- Born: August 1964 (age 61–62) Taixing County, Jiangsu, China
- Education: Renmin University of China Columbia University
- Occupation: Banker
- Years active: 1982–2022
- Agent: People's Bank of China
- Political party: Chinese Communist Party (expelled)

Chinese name
- Simplified Chinese: 范一飞
- Traditional Chinese: 范一飛

Standard Mandarin
- Hanyu Pinyin: Fàn Yīfēi

= Fan Yifei =

Fan Yifei (范一飞; born August 1964) is a former Chinese banker who served as vice governor of the People's Bank of China from 2015 to 2022. He was investigated by China's top anti-graft agency in November 2022. Fan was the first ministerial-level official in China to be targeted by China's top anticorruption watchdog since the 20th National Congress of the Chinese Communist Party in October 2022.

In June 2023, Fan was expelled from the party for bribery and abuse of power.

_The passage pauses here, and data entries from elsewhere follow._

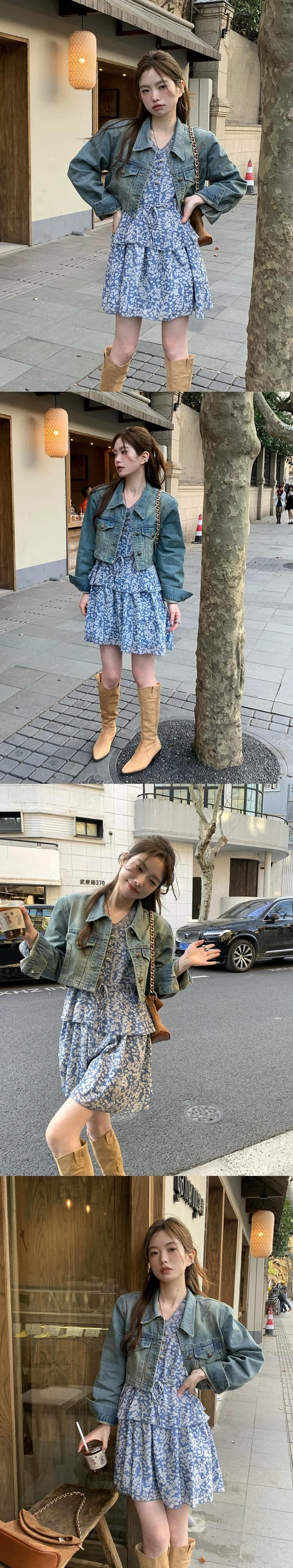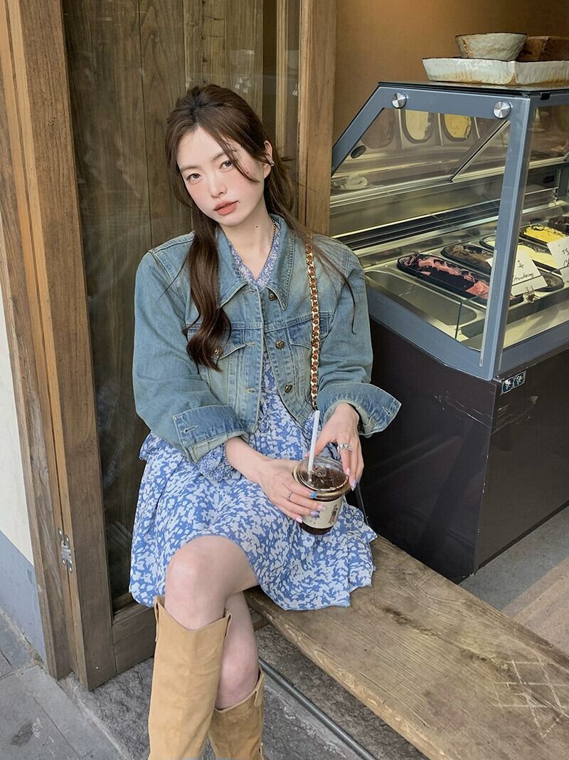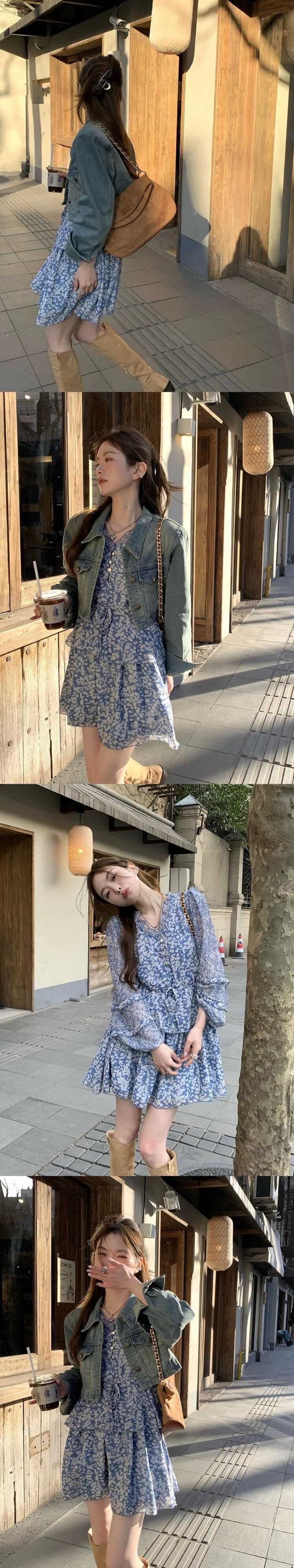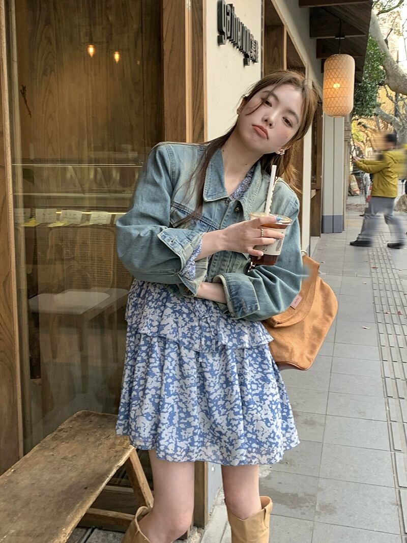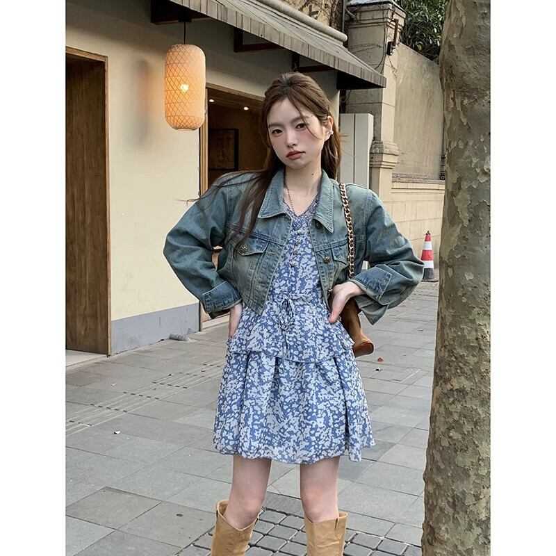 レトロラペルショート長袖デニムジャケット花柄レースドレス女性の秋 2023 スーツ ロング オータム 秋物 missk98402358651
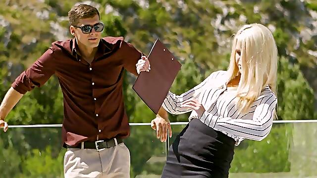 Underwater blowjob & raw pool side fucking with busty slut Kyle Mason
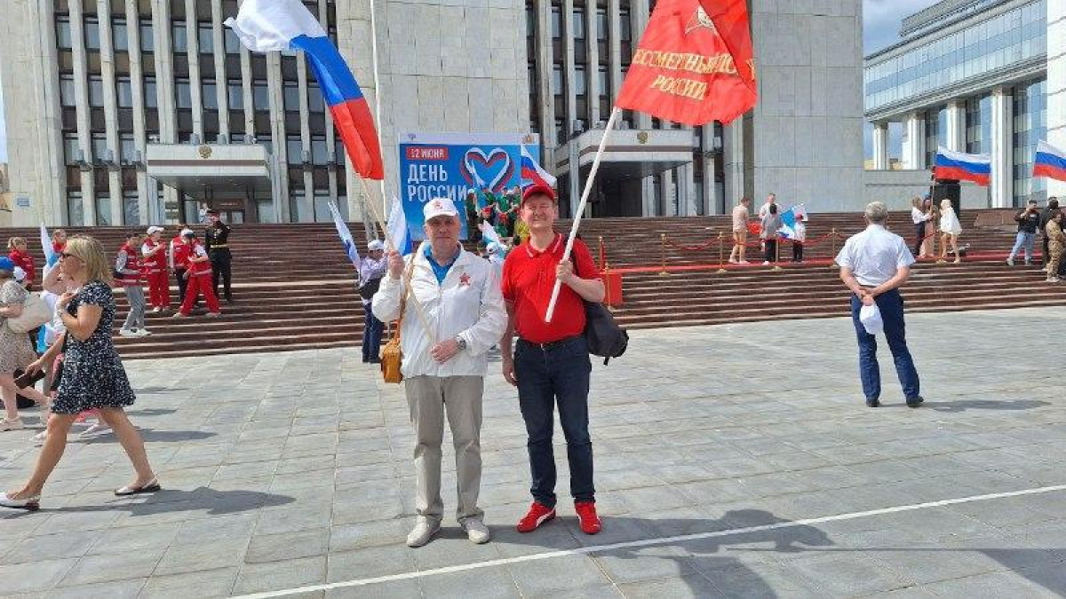 В Екатеринбурге День России наши однополчане встретили на церемонии торжественного построения патриотических, добровольческих, этнокультурных организаций и казачьих обществ, в ходе которого был поднят флаг России, а также вручен представителям общественных объединений.
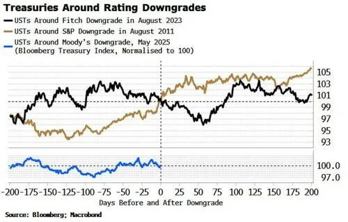 这一风险短期内将对美国国债造成压力,但尚未成为既定事实。正如Bloomberg宏观策略师SimonWhite指出,回顾美国此前两次被下调评级之后的债券市场反应——2011年8月被S&P下调、2023年8月被Fitch下调——结果并不一致。
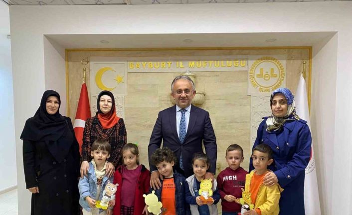 Türkiye Diyanet Vakfı Bayburt Şubesi adına bağışları kabul eden Müftü Danacı, minik öğrencilere ve kurs öğreticilerine teşekkür etti.
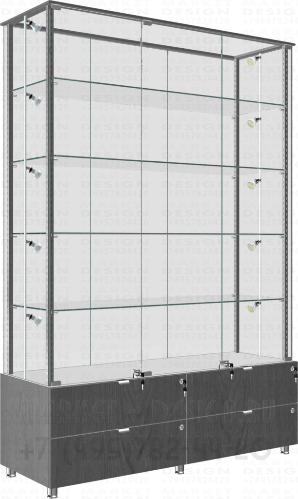 Витрина усиленная с стеклянном верхом и тумбой с выдвижными ящиками (выкатными) серии ПРИМАВЕРА. В базовой комплектации с возможностью регулировки полок по высоте, все внешние стеклянные части витрины изготавливаются из стекла марки м-1 толщиной 6мм, полки из закалённого стекла 8мм. все видимые торцевые части стекла с полированной кромкой (евро кромка). Нижняя и верхняя часть изготавливаются из мдф в сочетанием с плитой лдсп.
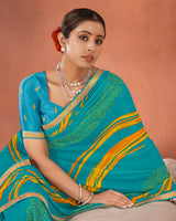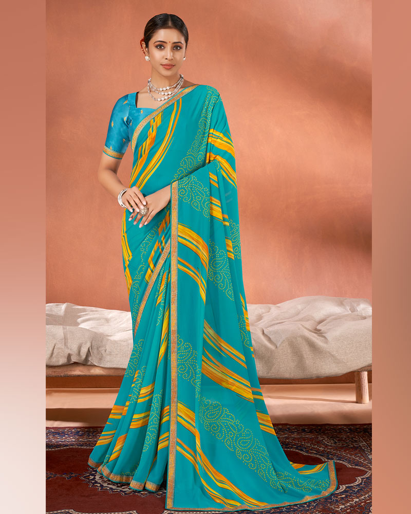 Vishal Prints Dark Turquoise Blue Printed Georgette Saree With Fancy Border
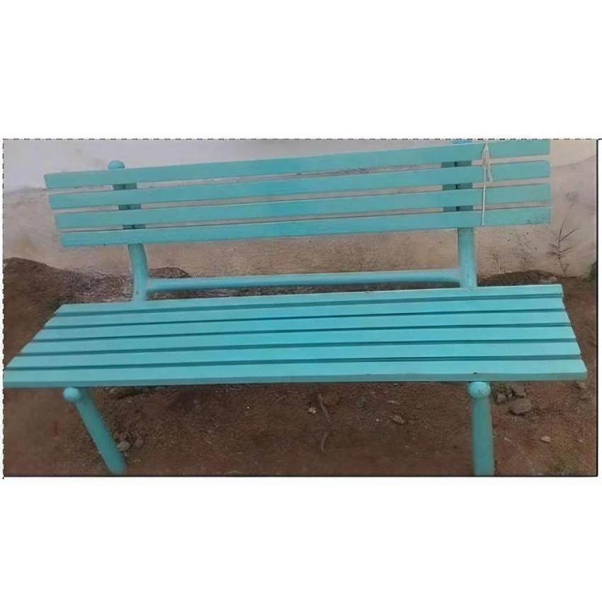 Four seater cast iron garden bench in blue. Features a color-coated surface finish for enhanced durability. Designed without a backrest for an open aesthetic.
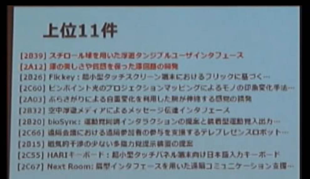 - 2014.2.27-3.1 中井優理子,工藤慎也,岡崎龍太,梶本裕之,栗林英範:ゲルのせん断変形を用いたタッチパネルにおける水平方向力入力,;インタラクション2014(第17回一般社団法人情報処理学会シンポジウム) ,212-215.[pdf]【プレミアム発表(全投稿数中28.3%)・2/27一般投票52件中8位】
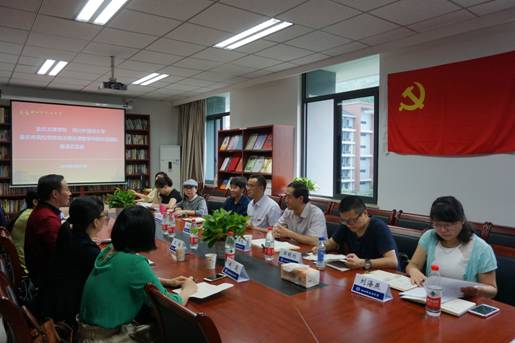 钟谟智、邓多文先后对自己负责的2017年重庆市高校思想政治理论课教学科研示范团队“高校思想政治理论课‘一体两翼三化’改革教学科研示范团队”、“社会主义核心价值观引领下道德教育与法治教育融合教学科研示范团队”的建设推进情况、面临问题及对策措施等作了介绍,然后双方就如何依托示范团队推进思想政治理论课建设、马克思主义理论学科建设以及太阳成集团tyc122ccvip建设,进行了深入的研讨。
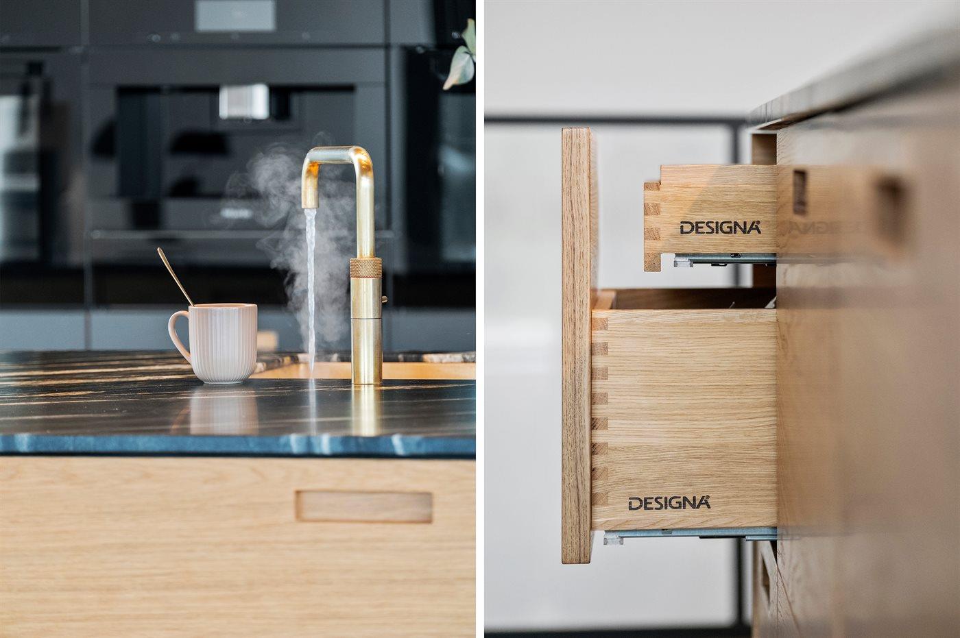 Køkkenet er udstyret med 1 køleskab. Der er 4 induktionskogeplader, 2 varmluftovne, mikrobølgeovn samt opvaskemaskine.
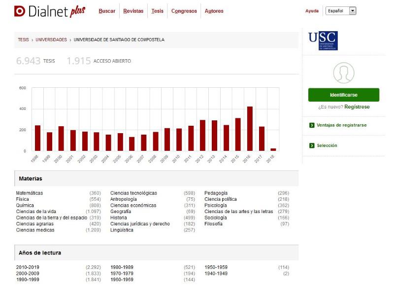 Neste enlace é posible acceder ao buscador Institucional coa pestana de teses activa para a USC. Na marxe esquerda hai distintos tipo de filtro, por texto completo, materias Dialnet, anos e outros. O portal conta igualmente cunha nova páxina de teses que ademais de mostrar un novo buscador dispón de dúas entradas principais: unha por materias da clasificación Unesco e outra por Universidades. A icona de universidades conduce a un mapa coas teses achegadas por cada Universidade distribuídas xeograficamente e ao pinchar en cada institución mostra diferentes gráficos que dan unha visión do reparto por áreas e anos.
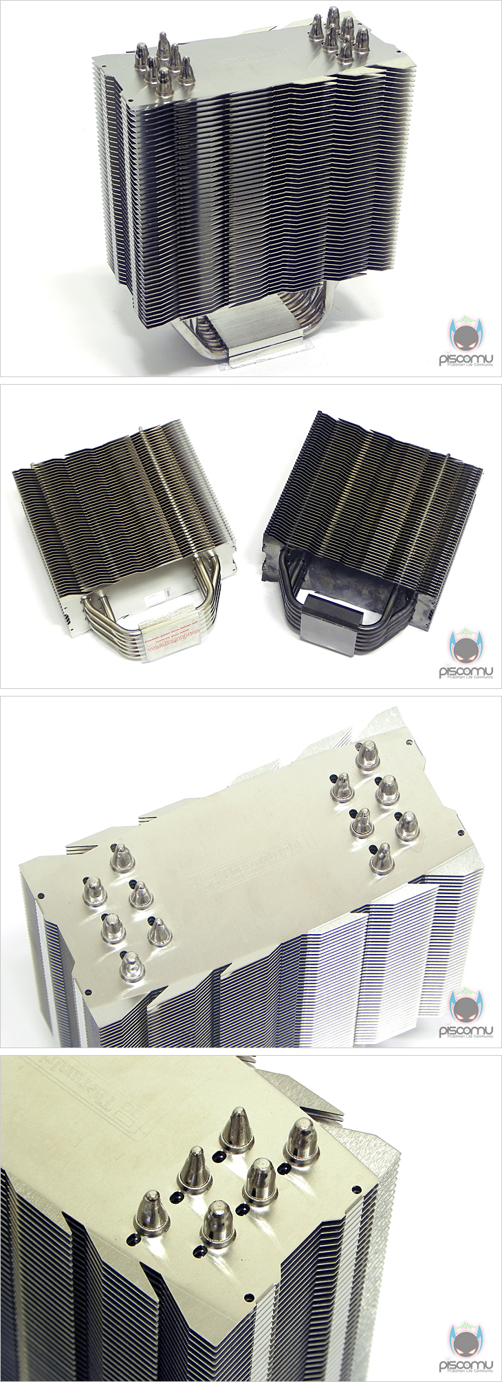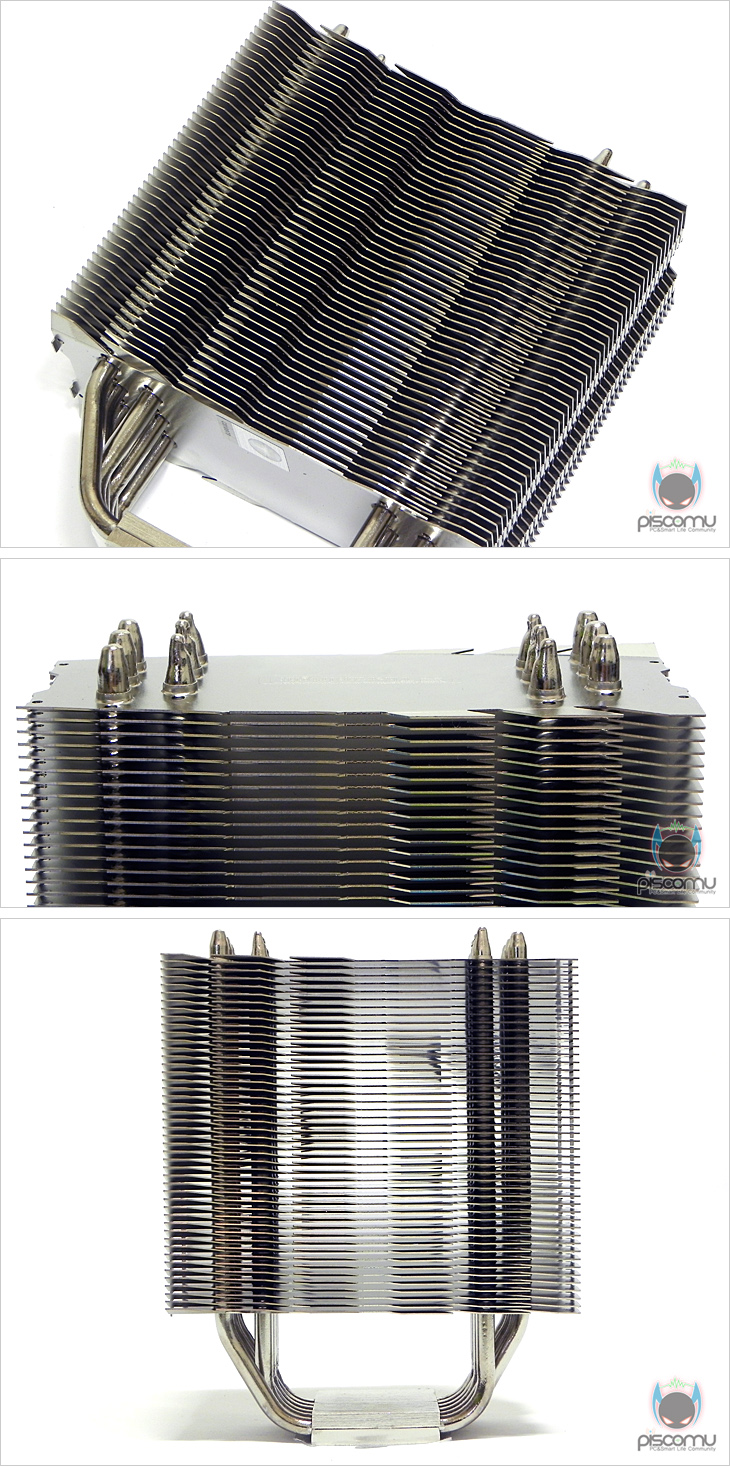 팬을 분리해 쿨러만 좀 더 살펴보면, 외형적인 생김새는 기존 Venomous-X 시리즈와 차이가 없습니다. 트리플 X형태의 방열핀 디자인과 팬 커버가 적용되지만, 예전 방식의 팬 클립도 그대로 유지되어 있습니다. 방열핀의 개수는 기존과 동일한 47개를 사용했으며, Venomous-X의 특징인 방열핀 비대칭형도 이번 모델에 그대로 적용되어 있습니다. 또한, 히트파이프 구조 역시 U자형으로 방열핀을 통과하는 방식으로 이전 모델들과 동일합니다. 히트파이프 역시 총 6개 사용으로 동일하며, 지름은 6mm가 되겠습니다. 또한, 방열핀읕 통과하는 처리는 솔더링 기법으로 처리 되었습니다. CPU와 맞닿는 베이스 부분의 래핑은 사물이 비칠정도로 아주 매끄럽게 되어 있습니다.
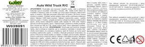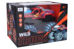 Auto Wild Truck so svietiacimi kolesami RC na diaľkové ovládanie. Rozmery 26,5x22x21 cm. Frekvencia 2.4GHz. Svietiace kolesá a motor - ľavým a pravým predným tlačidlom na ovládači. 7.4V 500mAh batériový pack do auta súčasťou, 2xAA do ovládača nie sú súčasťou. USB kábel súčasťou. Prepínač ON/OFF na bočnej strane auta, tlačidlo ON/OFF na ovládači.
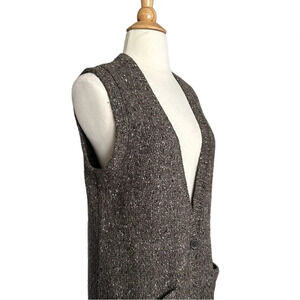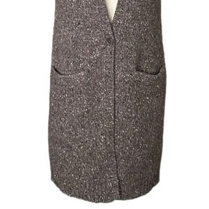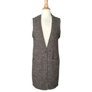 Warm, cozy, western, outdoors, festival, boho describe this neutral sleeveless long knit sweater vest. It features one button closure and front hand pockets. It’s gray with flecks of brown black & white. It falls well below the hips. Nice layering topper transition piece.
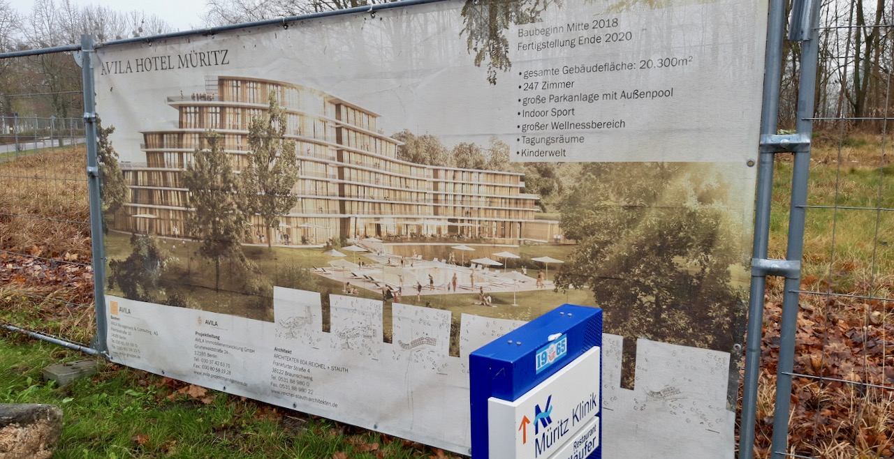 Rund vier Jahre nach der Sprengung des einstigen Müritz-Hotels haben in Klink jetzt die Bauarbeiten für ein neues Hotel begonnen. Das berichtet der NDR unter Berufung auf den Investor. Demnach sind Arbeiter jetzt zunächst dabei, das Grundwasser abzusenken. Das neue Hotel soll etwa 60 Millionen Euro kosten, über 248 Zimmer auf fünf Etagen verfügen und einen großen Wellnessbereich inklusive Schwimmbad bekommen. Mit der Fertigstellung rechnet die Avila-Gruppe als Investor im Jahr 2024. Betreiber des Vier-Sterne-Hotels soll die Dorint-Kette werden.

== Early life and education ==
In August 1964, Fan was born in Taixing County (now Taixing), Jiangsu, and graduated from the Renmin University of China. From March 2001 to October 2002, he pursued advanced studies in the United States, earning a master's degree in international economics from Columbia University.

== Career ==
Starting in July 1982, he served in several posts in the China Construction Bank, including assistant to general manager of its Trust and Investment Company, deputy director of the Capital Planning Department, general manager of the Finance and Accounting Department, and general manager of the Planning and Finance Department. He moved up the ranks to become assistant president in February 2000 and vice president in June 2005. He joined the Chinese Communist Party (CCP) in June 1991.

He was deputy general manager of the China Investment Corporation in March 2010, in addition to serving as chairman of the Bank of Shanghai since November 2011.

In February 2015, he was appointed vice governor of the People's Bank of China, a position at vice-ministerial level.

== Investigation ==
On 5 November 2022, he was put under investigation for alleged "serious violations of discipline and laws" by the Central Commission for Discipline Inspection (CCDI), the party's internal disciplinary body, and the National Supervisory Commission, the highest anti-corruption agency of China.

On 9 June 2023, Fan was expelled from the party and removed from his post. The CCDI found that Fan accepted bribes, banquets, trips, golfing, and other activity, illegally accepted property, abused his power for financing loans. Moreover, Fan had lost his ideals, resisted investigators, traded power for money, and abused his power in the appointment of officials. His illegal gains were confiscated.

On 10 October 2024 he was sentenced to death (with a two-year reprimand) for taking bribes worth over 386 million yuan.